قَالَ أَبُو بَكْرِ بْنُ مَرْدَوَيْهِ: حَدَّثَنَا عَبْدُ اللَّهِ بْنُ
جَعْفَرٍ، أَخْبَرَنَا إِسْمَاعِيلُ بْنُ عَبْدِ اللَّهِ بْنِ مَسْعُودٍ،
أَخْبَرَنَا مُسْلِمُ بْنُ إِبْرَاهِيمَ وشَاذ بْنُ فَيَّاضٍ قَالَا
أَخْبَرَنَا هِلَالٌ أَبُو هَاشِمٍ الخُراساني، أَخْبَرَنَا أَبُو
إِسْحَاقَ الْهَمْدَانِيُّ، عَنِ الْحَارِثِ، عَنْ عَلِيٍّ، رَضِيَ اللَّهُ
عَنْهُ، قَالَ: قَالَ رَسُولُ اللَّهِ صَلَّى اللَّهُ عَلَيْهِ وَسَلَّمَ:
"مَنْ مَلَكَ زَادًا وَرَاحِلَةً وَلَمْ يَحُجَّ بَيْتَ اللهِ، فَلا
يَضُرُّهُ مَاتَ يَهُودِيّا أوْ نَصْرانِيّا، ذَلِكَ بِأنَّ اللهَ قَالَ:
{وَلِلَّهِ عَلَى النَّاسِ حِجُّ الْبَيْتِ مَنِ اسْتَطَاعَ إِلَيْهِ
سَبِيلا وَمَنْ كَفَرَ فَإِنَّ اللَّهَ غَنِيٌّ عَنِ الْعَالَمِينَ}
Abu Bakar ibnu Murdawaih mengatakan, telah menceritakan kepada kami
Abdullah ibnu Ja'far, telah menceritakan kepada kami Ismail ibnu
Abdullah ibnu Mas'ud, telah menceritakan kepada kami Muslim ibnu Ibrahim
dan Syaz ibnu Fayyad; keduanya mengatakan, telah menceritakan kepada
kami Hilal Abu Hasyim Al-Khurrasani, telah menceritakan kepada kami Abu
Ishaq Al-Hamdani, dari Al-Haris, dari Ali r.a. yang menceritakan bahwa
Rasulullah Saw. pernah bersabda: Barang siapa yang memiliki bekal dan
kendaraan, lalu tidak juga melakukan haji ke Baitullah, maka haji tidak
dirugikan olehnya bilamana ia mati sebagai seorang Yahudi atau Nasrani.
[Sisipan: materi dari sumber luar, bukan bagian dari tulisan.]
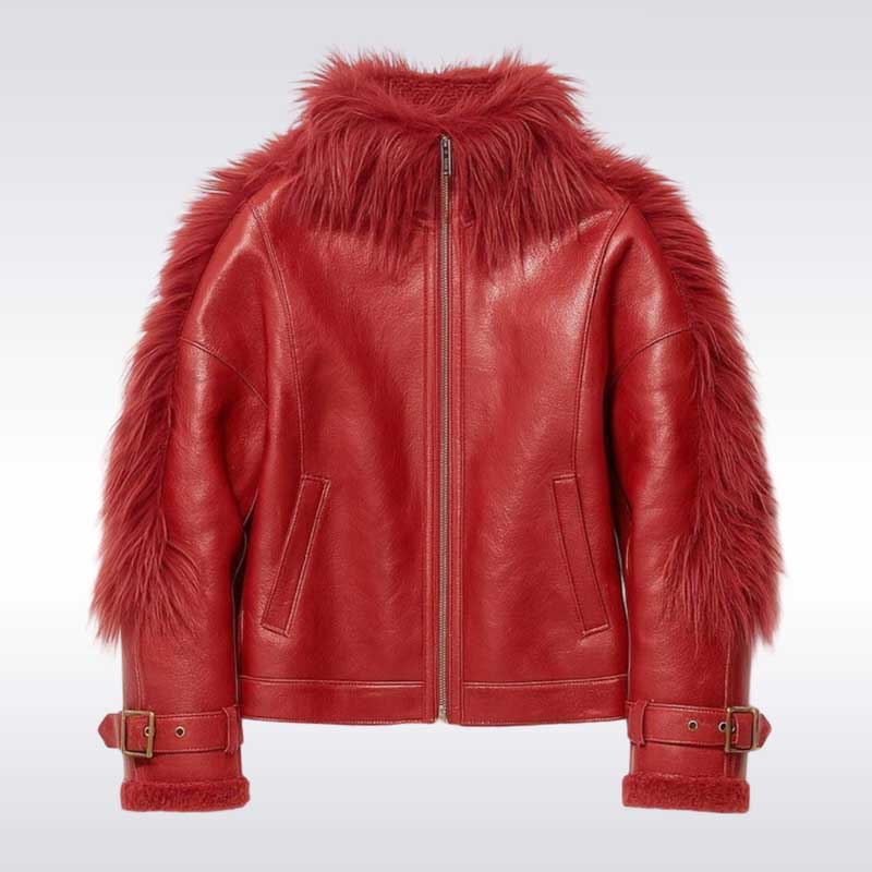 Turn every head this season with the Women?s Red Faux Fur Shearling Leather Jacket, a bold aviator-style coat designed for warmth and statement-making style. Crafted from premium leather with luxe faux shearling trim, this shearling jacket for women features a dramatic fluffy collar, cozy inner lining, and adjustable belt cuffs for a perfect fit. Ideal for winter fashion, festivals, and gifting, it?s the ultimate mix of luxury and edge.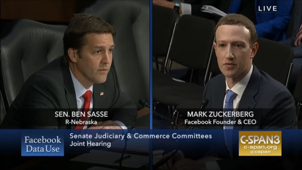 Ett av spørsmålene facebook sjefen sleit med å besvare var spørsmålet fra den republikanske senatoren Ben Sasse som lurte på om Zuckerberg kunne definere hva han anså som såkalt «hatprat», og hvorvidt ytringsfrihetsaktivister burde være bekymret for facebooks sensur regime.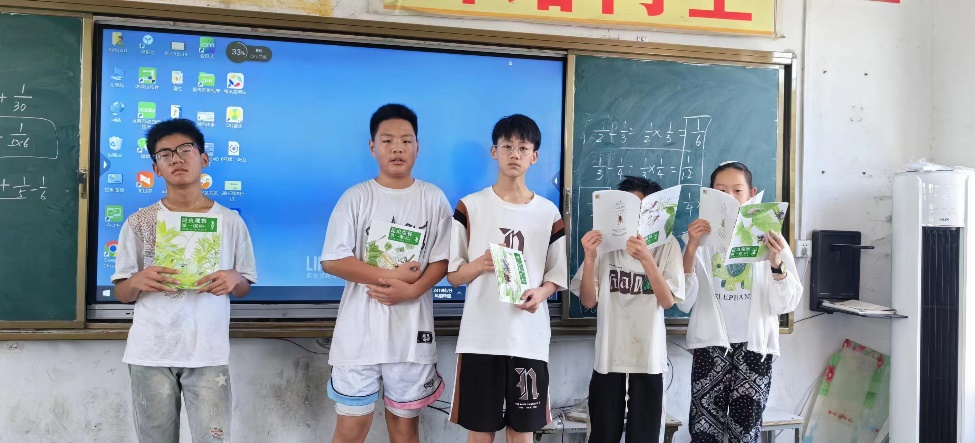 针对重渠小学图书室资源匮乏的现状,实践队为孩子们精心准备了儿童系列读物,孩子们兴奋不已,纷纷向志愿者们请教如何挑选适合自己的书籍。队员引导孩子们根据兴趣选书,并鼓励他们利用空闲时间多读书、多思考。课下,孩子们热切地分享好书,相互交换心得。知识在孩子们之间流动和传播,为孩子们的翱翔梦想插上知识的翅膀。

Demikian itu karena Allah Swt. telah berfirman, "Mengerjakan haji adalah
kewajiban manusia terhadap Allah, yaitu (bagi) orang yang sanggup
mengadakan perjalanan ke Baitullah. Barang siapa mengingkari (kewajiban
haji), maka sesungguhnya Allah Mahakaya (tidak memerlukan sesuatu) dari
semesta alam" (Ali Imran: 97).
Ibnu Jarir meriwayatkannya melalui hadis Muslim ibnu Ibrahim dengan
lafaz yang sama. Hal yang sama diriwayatkan oleh Ibnu Abu Hatim, dari
Abu Zar'ah Ar-Razi, telah menceritakan kepada kami Hilal ibnul Fayyad,
telah menceritakan kepada kami Hilal Abu Hasyim Al-Khurrasani, lalu ia
menuturkan hadis ini dengan sanad yang semisal.
Imam Turmuzi meriwayatkannya dari Muhammad ibnu Ali Al-Qat'i, dari
Muslim ibnu Ibrahim, dari Hilal ibnu Abdullah maula Rabi'ah ibnu Amr
ibnu Muslim Al-Bahili dengan lafaz yang sama, dan ia mengatakan bahwa
hadis ini garib, kami tidak mengenalnya kecuali dari segi ini.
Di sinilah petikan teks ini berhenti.